PROBLEM DETAILS » Every record that follows should be copied exactly. No picture belongs in the copy.

Recorded data
▬▬▬
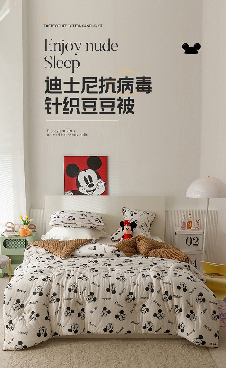 有货 迪士尼正版授权抗 病毒针织豆豆被春秋被冬被 米奇的微笑
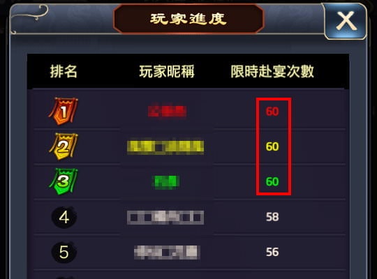 排行榜則是開服到現在,所有玩家在宴會分數的排行。
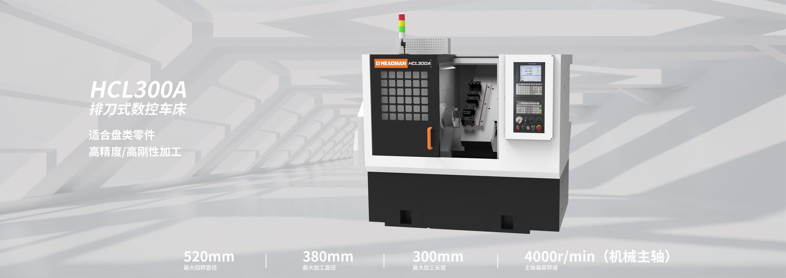 采用45°整體斜床身結構,剛性好、排屑方便
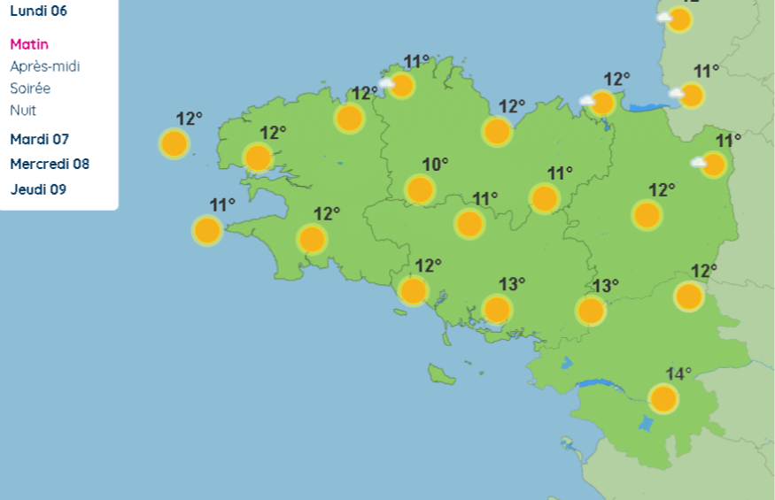 Samedi 4 avril : le ciel se dégage progressivement et laisse place à de belles éclaircies. Températures de 15 à 20° au meilleur moment de la journée.
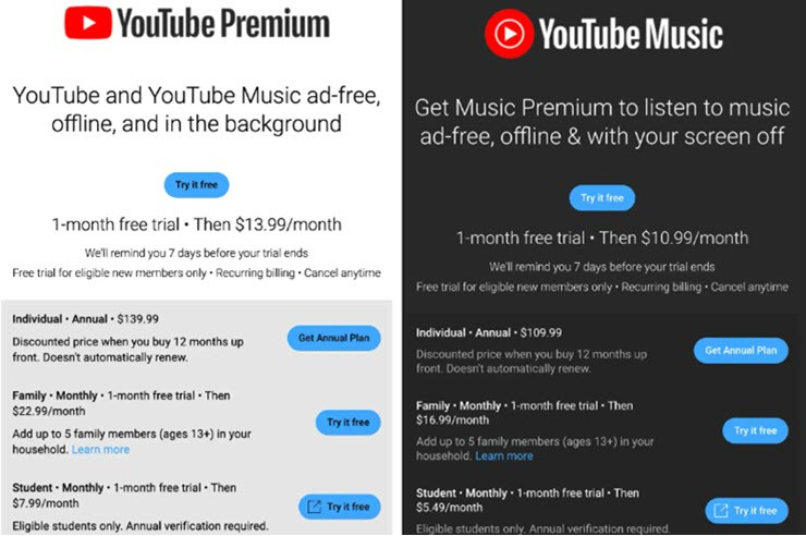 YouTube cũng tăng giá của Music Premium lên 10.99 USD (khoảng 260 nghìn đồng) cho mỗi tháng, từ giá cũ là 9.99 USD (khoảng 236 nghìn đồng). Việc này diễn ra trong bối cảnh Apple và Amazon đã thực hiện những động thái tương tự trong năm qua, YouTube cũng đang siết chặt vấn đề chặn quảng cáo.
▬▬▬
ANSWER TO THIS TASK »
 有货 迪士尼正版授权抗 病毒针织豆豆被春秋被冬被 米奇的微笑
 排行榜則是開服到現在,所有玩家在宴會分數的排行。
 采用45°整體斜床身結構,剛性好、排屑方便
 Samedi 4 avril : le ciel se dégage progressivement et laisse place à de belles éclaircies. Températures de 15 à 20° au meilleur moment de la journée.
 YouTube cũng tăng giá của Music Premium lên 10.99 USD (khoảng 260 nghìn đồng) cho mỗi tháng, từ giá cũ là 9.99 USD (khoảng 236 nghìn đồng). Việc này diễn ra trong bối cảnh Apple và Amazon đã thực hiện những động thái tương tự trong năm qua, YouTube cũng đang siết chặt vấn đề chặn quảng cáo.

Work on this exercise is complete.